About this task: From first line to last, print the records exactly, but leave out the pictures.

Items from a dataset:
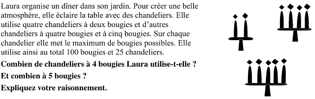 Trouver la décomposition de 100 en somme de 25 termes : 4 termes « 2 » et 21 autres termes « 4 » ou « 5 », dans un contexte de chandeliers et bougies. Ou résoudre un système de deux équations du premier degré à deux inconnues: 100 = 8 + 4a + 5b  et a + b = 21.
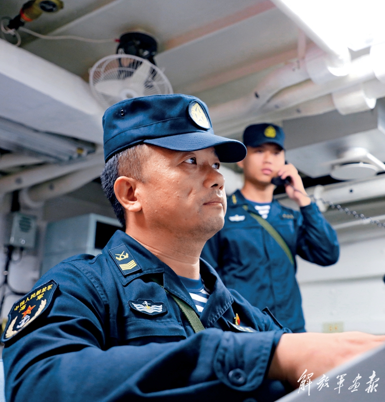 “發(fā)現(xiàn)‘敵’潛艇,迅速前出!”某艦接到指令后,快速向任務海區(qū)機動。與此同時,正在某海區(qū)執(zhí)行值班任務的另一艦艇接到命令,攜手抗擊“敵”潛艇。
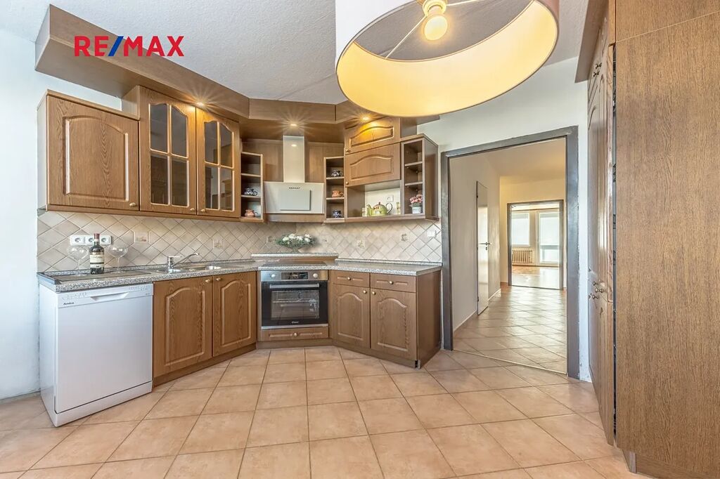 Byt má čtyři samostatné pokoje a velkou kuchyň s jídelnou, ideální pro rodinu, která hledá pohodlné bydlení s dostatkem prostoru a soukromí.
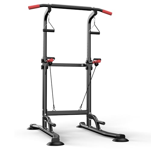 SogesPower Power Pull Up Bar Tower Dip Station Workout for Home Gym Multi-Function Adjustable Height Strength Fitness Strength Training Equipment Dip Stands
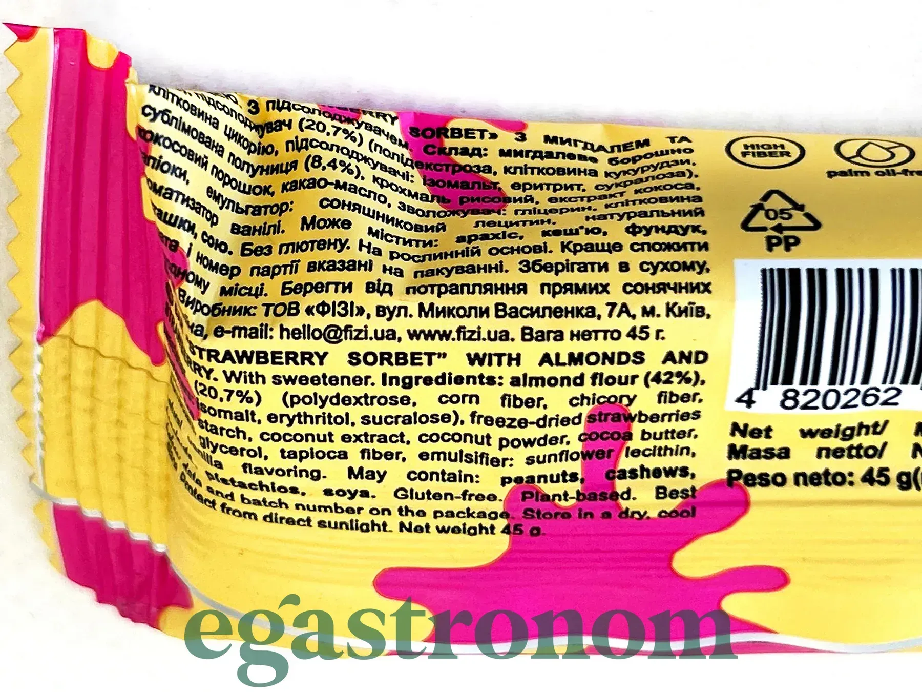Батончик полуниця з мигдалем (без глютену) Фізі Fizi strawberry sorbet 45g 10шт/ящ

Exercise result:
 Trouver la décomposition de 100 en somme de 25 termes : 4 termes « 2 » et 21 autres termes « 4 » ou « 5 », dans un contexte de chandeliers et bougies. Ou résoudre un système de deux équations du premier degré à deux inconnues: 100 = 8 + 4a + 5b  et a + b = 21.
 “發(fā)現(xiàn)‘敵’潛艇,迅速前出!”某艦接到指令后,快速向任務海區(qū)機動。與此同時,正在某海區(qū)執(zhí)行值班任務的另一艦艇接到命令,攜手抗擊“敵”潛艇。
 Byt má čtyři samostatné pokoje a velkou kuchyň s jídelnou, ideální pro rodinu, která hledá pohodlné bydlení s dostatkem prostoru a soukromí.
 SogesPower Power Pull Up Bar Tower Dip Station Workout for Home Gym Multi-Function Adjustable Height Strength Fitness Strength Training Equipment Dip Stands
Батончик полуниця з мигдалем (без глютену) Фізі Fizi strawberry sorbet 45g 10шт/ящ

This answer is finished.